In this How-To we use an example to show you how to keep private and business apps and contacts separated on iOS-devices.
Regardless of which enrollment method you use, you can maintain the separation of private apps and those for business use on iOS devices. The aim is to prevent the exchange of data between these apps. The exchange of business contact data with private apps (and vice versa) should also be prevented. In this How-To, we want to show you how to achieve this goal by creating and distributing a policy and a profile.
You can use a policy to prevent the exchange of data between apps that the user has personally loaded onto the device and apps that you have assigned to them. The settings you need to make in the Cortado management console are described in detail here. When you register for the free test phase of Cortado MDM, the relevant policy (DGVO iOS) is already preloaded and can be immediately assigned to your users.

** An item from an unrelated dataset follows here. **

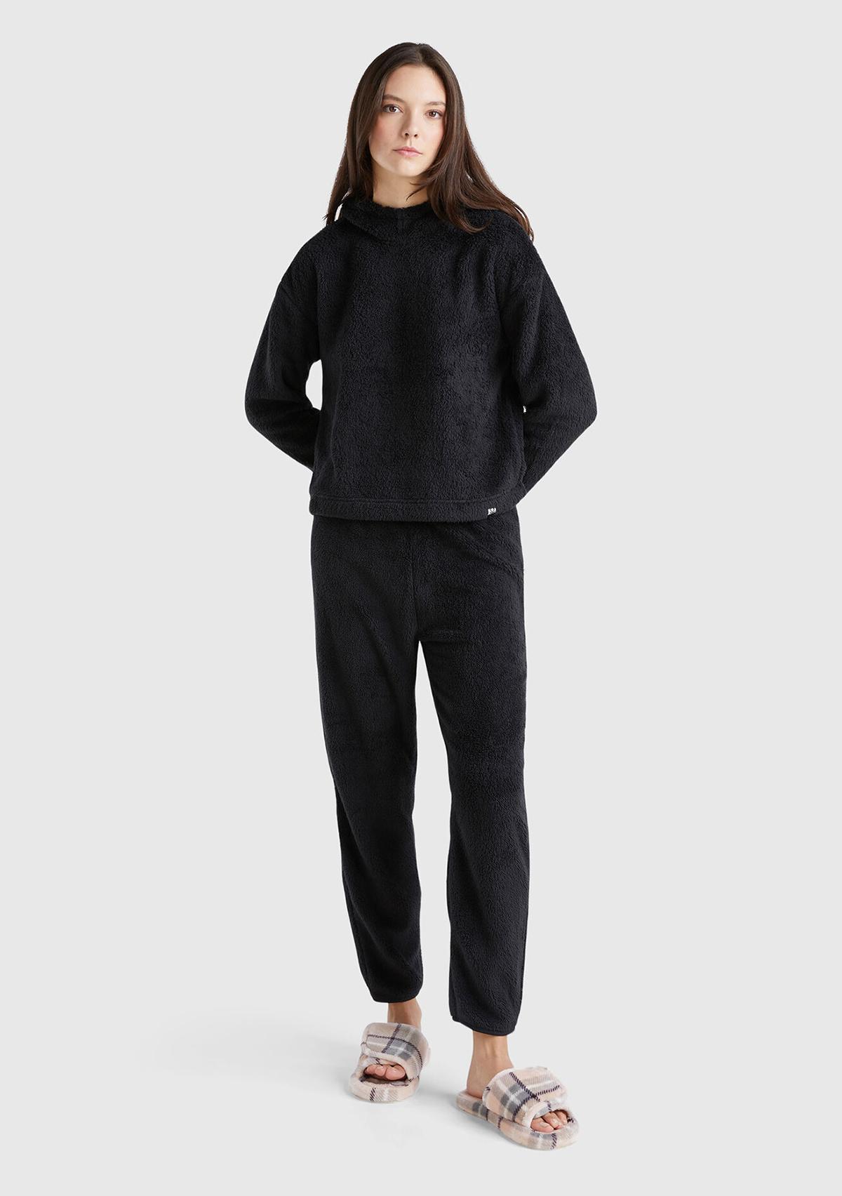 Kadın Siyah Etek Ucu Logo Etiketli Kapüşonlu Sweatshirt

To maintain the separation of private and business contacts from each other, it’s necessary to create and assign an Exchange profile. How to create such a profile is described in detail here. Following assignment of the profile, the native Contacts, Mail and Calendar apps will be automatically configured with the Exchange data.
As can be seen in the following illustration, the native Contacts app is divided into groups:
Now private apps only have access to the Gmail and iCloud contacts. Only the business apps have access to the Exchange contacts.
In the following example, only MS Word and MS Excel have access to the email attachments of the Exchange contacts, because the administrator has assigned both those apps to the user. It is emphasised at this point that on iOS devices there is no visible division between the two areas on the device.
Apart from the iOS system apps, apps can be for either business or private use only. On BYOD devices, it is possible that apps that you want to assign for business purposes are already installed on the device. If this should occur, the already installed private app will be assigned to the business area once you have distributed the app via the Cortado management console. This is providing that the user agrees to the procedure being carried out on the device, via a push notification.